In another recent poll from the University of Massachusetts, only 21 percent of Republicans said that Trump’s election defeat was legitimate — even though, as Biden noted Thursday, “93 United States senators, his own attorney general, his own vice president, governors and state officials in every battleground state have all said it: He lost.” The handful of elected Republicans who actively call out the “big lie” — most prominently Reps. Liz Cheney (Wyo.) and Adam Kinzinger (Ill.) — have become pariahs in Republican ranks. Meanwhile, Rep. Matt Gaetz (Fla.), who said on Thursday that “we are proud of the work we did on Jan. 6 to make legitimate arguments about election integrity,” remains a Republican in good standing.

I had hoped that Trump’s role in inciting a mob attack on Congress might have shaken his hold on the Republican Party — that it might have led Republicans to reconsider the perilous path they are on. But no. A year later, Trump’s attack on democracy has emerged not as a dealbreaker for most Republicans but as a deal-clincher. Forced to choose between Trump and the Constitution, most Republicans choose Trump.

Shortly after the November election, a “senior Republican official” under cover of anonymity explained why Republicans were refusing to admit the obvious — Trump had lost. “What is the downside for humoring him for this little bit of time?” this Republican said. You would think that the downside would be readily apparent a year after lawmakers had to run for their lives from a #MAGA mob ransacking the Capitol. And yet the Republican Party continues to humor Trump even as he has turned increasingly authoritarian.
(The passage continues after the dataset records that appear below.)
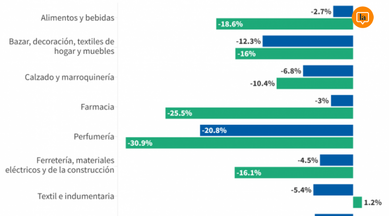 En cuanto a la caída por sectores, los siete rubros relevados registraron retrocesos interanuales. Las perfumerías fueron las más afectadas con una baja del 20,8%, seguidas por los sectores de bazar, decoración y textiles para el hogar, que experimentaron una disminución del 12,3%. En contraste, los alimentos y bebidas tuvieron una leve recuperación mensual, aunque mantienen una tendencia negativa en el acumulado del año.
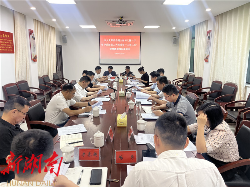 湖南日报·新湖南客户端6月12日讯(通讯员 付琴) 6月11日,市人大常委会副主任田文静来岳阳县督导“三会三文”精神贯彻落实情况,他要求,要坚持以“大抓落实”为主基调,以“三会三文”为主抓手,依法履职、守正创新,努力交出新时代岳阳人大工作高质量发展的崭新答卷。县人大常委会党组书记、主任周峰,副主任胡秉阳、任三星参加。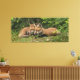 Two red fox kits are pictured lying close together in the shade of evergreen trees.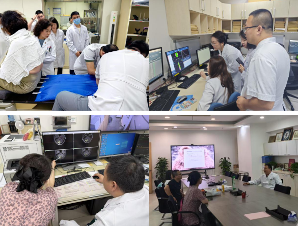 放疗科团队先后参观了黄埔院区的放疗科定位室、物理计划室、加速器治疗室及质控中心,详细了解了其先进的设备配置、规范化管理流程及质量控制体系,系统学习了乳腺癌术后大分割、超大分割放疗技术在适应症把握、靶区勾画、计划制作、剂量优化、质量控制等关键环节的操作规范。两院专家围绕典型病例,就该技术在临床实践中遇到的问题和挑战进行了深入的交流与探讨,特别就如何在保证疗效的同时,最大限度降低心肺等重要危及器官的放射性损伤分享了各自的经验和见解。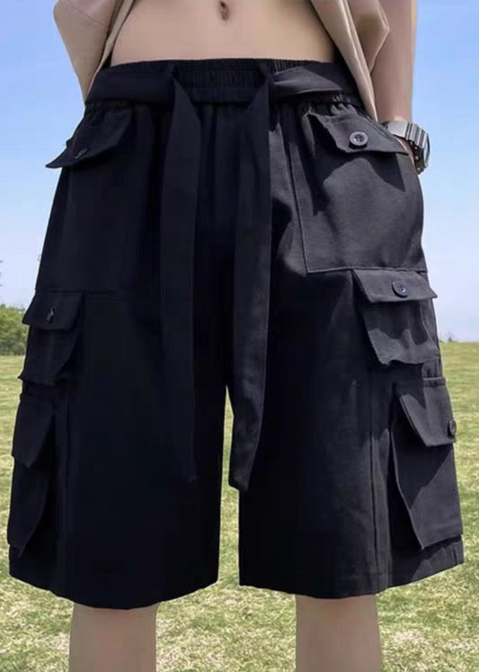 Neu Schwarz Elastische Sommer Taschen Shorts Herren Taille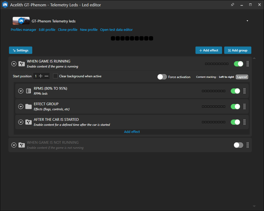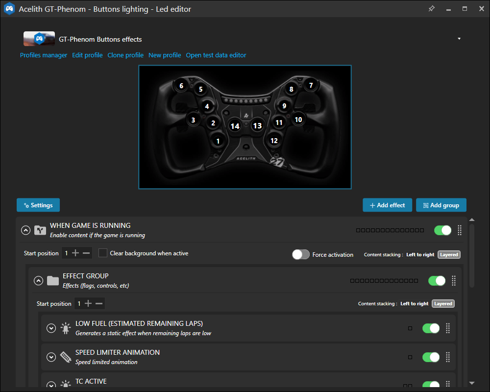 In SimHub kunnen we deze profielen vervolgens naar eigen wens aanpassen. Denk hierbij aan het instellen van de LED-kleuren voor de buttons, verschillende telemetrie-effecten en functies. De standaardprofielen voldoen echter prima, waardoor we enkel de LEDs van de buttons naar onze eigen voorkeur aanpassen. Wel merken we hierbij op dat er sprake is van veel backlight-bleeding op de LEDs. Dit houdt in dat de kleur die we voor een specifieke button selecteren ook enigszins doorvloeit naar de omliggende buttons, wat invloed heeft op het uiteindelijke kleurgebruik. Om dit effect te minimaliseren, maken we gebruik van kleuren die dicht bij elkaar liggen in het kleurenspectrum, zodat het doorvloeien minder opvalt en het visuele geheel rustiger oogt.
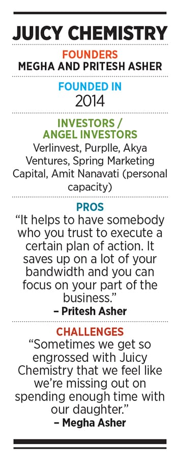 However, there is no work-life balance. “As entrepreneurs, we anyway take business personally and then as a couple, it only gets harder," says Singh of Sugar Cosmetics. It’s harder when you have children. Asher of Juicy Chemistry feels that sometimes they get so engrossed with work that there is a feeling of missing out and not spending enough time with the kids.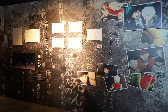 TVアニメでは効果的に音が使われているが、本展でも蝉の音やTVアニメに登場した曲が流れており、作中の夏の空気や湿度が伝わってくる気がした。またTVアニメは色彩が際立っており、青春をイメージさせる青、生命力あふれる緑、危険や恐怖を連想させる赤、光の白と闇の黒などが感情を揺さぶる。本展もその叙情的な魅力が生かされており、空間を満たす色が印象的だ。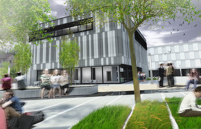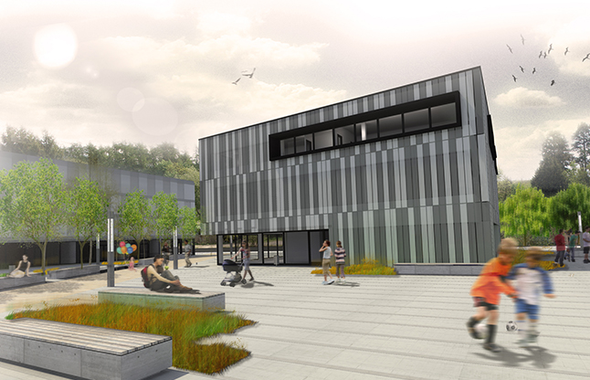Studie místního společenského centra, které by mělo vytvořit stěžejní bod nově vnikající lokality. Většinu objektu obsadí místní radnice s přidruženými funkcemi, jako je obřadní sál, městská knihovna atd. Kolem budovy je vyřešeno i přilehlé náměstí.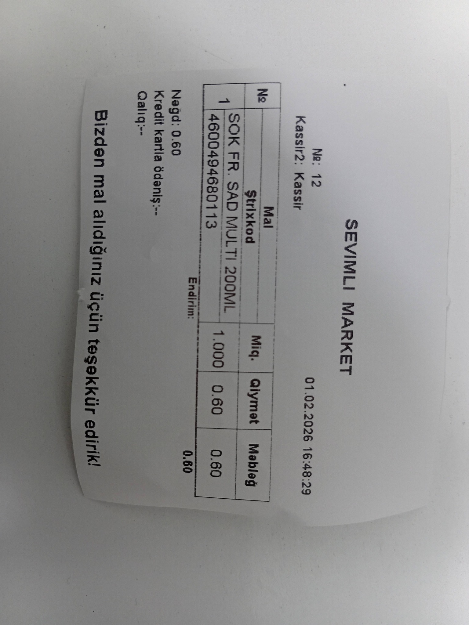 Narazıl vətəndaş yazır: "Gəncənin Gülüstan qəsəbəsində "Sevimli market" adlı marketdə malların qiymətləri düzgün qoyulmamağı bir yana, çek istəyəndə də bu kağız parçasını verdilər.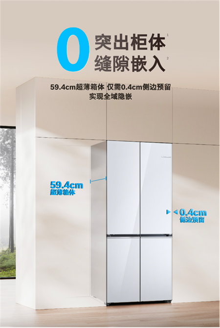 博世全域隐嵌S8冰箱以594mm超薄箱体与4mm极简边距实现行业领先的嵌入效果。通过专业零嵌防撞铰链设计,冰箱门体在仅需预留4mm侧边空间的情况下,仍可实现115°广角开门,确保与橱柜深度600mm的标准尺寸完美齐平,真正实现“正面0突出、侧面0缝隙”的视觉效果。

Biden was accurate in warning that “those who stormed this Capitol and those who … called on them to do so held a dagger at the throat of America and American democracy.” He needs to keep reminding voters of the real stakes in November 2022 — and 2024. We are fighting, as he said, for “the right to vote, the right to govern ourselves, the right to determine our own destiny.” Republicans, sadly, are willing to jettison all those hallowed principles simply to feed Trump’s insatiable ego.